Enjoy your new Hep C free life. : )
As far as checking, yes, since you have Cirrhosis, you need to be monitored by a Hepatologist every 6 months for Hepatocellular Carcinoma. I am sure you probably need other monitoring as well and hopefully some others who have Cirrhosis will chime in on monitoring when one has Cirrhosis.
First congrats on gaining SVR. As for follow up testing because you do have cirrhosis besides being screened for HCC if you were DX with grade 1 varices one should also have And Upper GI done at times along with LFT blood tests............. Wishing you the best.
Super congratulations Salvo! I'm SO HAPPY for you. Welcome to the SVR club and best wishes for your good health to be resurrected - hopefully quickly, but do try to be patient, as it usually is a slow process to heal after what we've all been through. I'm just so glad you made it. Hugs!

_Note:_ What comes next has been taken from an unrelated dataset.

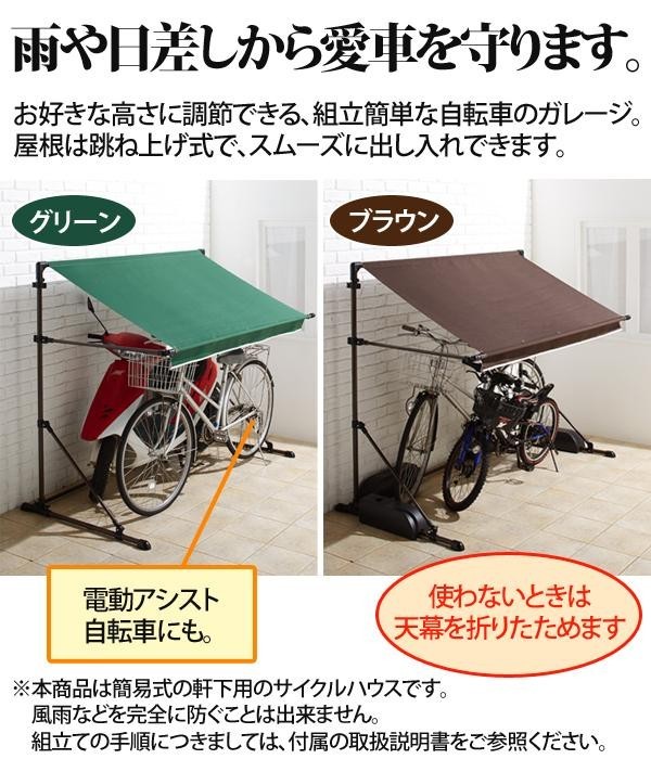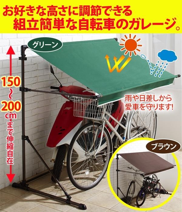 | お好きな高さに調節できる、組立簡単な自転車のガレージです。屋根は跳ね上げ式で、スムーズに出し入れできます。使わない時は折り畳むことができるので、収納場所を取りません。 |
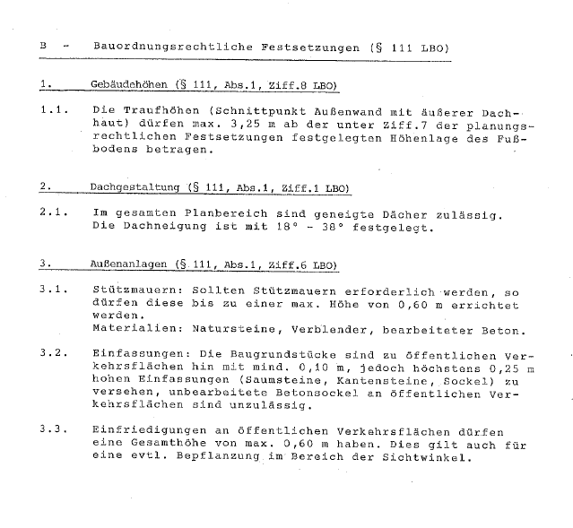 Der Bebauungsplan scheint ja irgendwie nicht so Ernst genommen zu werden. Dann ist ja Alles gut. Frag doch beim Bauamt nach ob Deine SM und Boeschung genehmigungsfaehig ist. Aber ich wuerde mich nicht trauen mit 45 Grad ins Rennen zu gehn. Fuer die Boeschungen an der Strasse sind z.B. meine ganannten 1:2 gefordert.Ist ein alter Bebauungsplan. Firstrichtung war kein Problem zu drehen.

Congrats on attaining SVR! I am so happy for you. Check with your doctor, but as others have said, you should see your hepatologist about every 6 months for ultrasounds or CT scans to screen for liver cancer, and also for lab work to make sure that your liver is working well. You should also stick with a liver friendly diet, no alcohol, and avoid medications that harm the liver. You have Cirrhosis, so take care of your Hep C free liver salvo. Thanks for coming back and giving us this good news. I think of you often.